Question:
Let $f:[0,1] \rightarrow [0,1]$ be a continuous function that is strictly increasing on $[0,a)$ and strictly decreasing on $(a,1]$. Moreover, $f(a) \leq a$.
Consider the discrete map where
$$x_{n+1} = f(x_n)$$
Show that this map has at least one fixed point in $[0,f(a)]$, and that each initial point in $[0,1]$ converges to one of them (not necessarily the same one).
Attempt:
Consider the function $g(x) = f(x)-x$
The range of $f$ is $[0,1]$, so in particular $f(0) \geq 0$. Also, it is given that $f(a) \leq a$. It follows that
$$g(0) = f(0) - 0 = f(0) \geq 0 \qquad \qquad g(a) = f(a)-a \leq 0$$
So by the Intermediate Value Theorem, there exists $c \in [0,a]$ such that $g(c) = 0$, i.e. that $f(c) = c$, which means that $c$ is a fixed point of $f$.

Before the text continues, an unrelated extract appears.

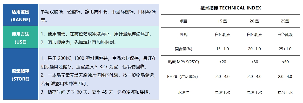 HQ-N9133 中性施膠劑,是采用特殊工藝熬合而成的一種自留著漿內施膠劑。它的突出特點是:大大簡化了施膠工藝,提高濕纖維的結合強度和成紙的干強效果,經過幾年的更新改進,也大大地短了熟化時間。適合不同生產環境,應用效果好、成本低、熟化快、成紙強度高,是漿內施膠劑的好選擇。
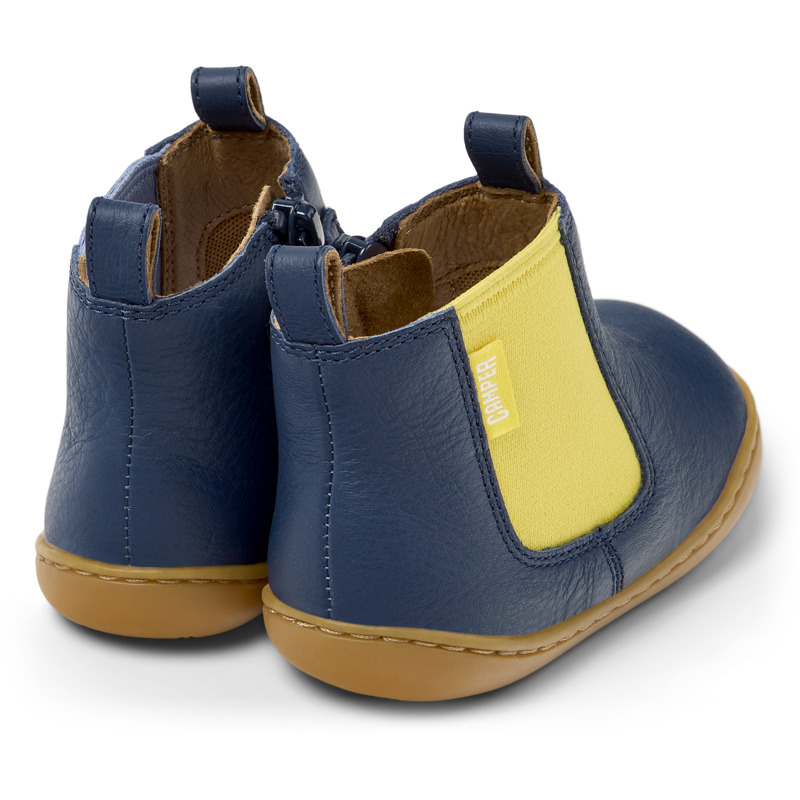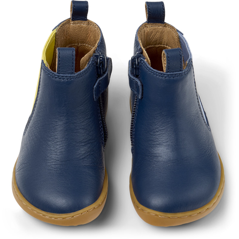 CAMPER - Blauwe kinder-enkelboots van kalfsleer, met uitneembaar EVA-voetbed en rubberen buitenzool (20% gerecycled).

Suppose that $c \in (f(a),a]$ (i.e. $f(a)<c \leq a$). Note that $f$ is strictly increasing on this interval, so $f(c) \leq f(a)$. But also, $f(c) = c>f(a)$. This gives a contradiction unless $c = a = f(a)$.
Thus, there exists a fixed point in $[0,f(a)]$.
As for the second part, I'm not so sure how to go about it.
I tried using the Banach Fixed Point Theorem (i.e. the Contraction Mapping Theorem), but it just can't be applied directly because (intuitively, I think that) $f$ is a contraction only in a neighborhood of one of the fixed points.
Any hints would be much appreciated. Thanks!
p.s. Also, I'm having trouble understanding why there cannot be a $2$-cycle (for in that case, there will be points that converge to this $2$-cycle which is not a fixed point).
You already noticed that $f$ maps $[0,f(a)]$ into itself. Any iteration sequence that starts inside this interval stays inside that interval. If $x_1\le x_0$ the iteration sequence is monotonically decreasing, if $x_1\ge x_0$ it is monotonically increasing. In any case the sequence is bounded, thus convergent, and the limit must be a fixed point.
Any sequence with $x_0\in[0,a]$ will converge to a fixed point. If $x_0\in(a,1]$, then $f(a)\ge x_1=f(x_0)\ge f(1)$ so that from then on the sequence converges monotonically to a fixed point. There is no possibility for a periodic cycle.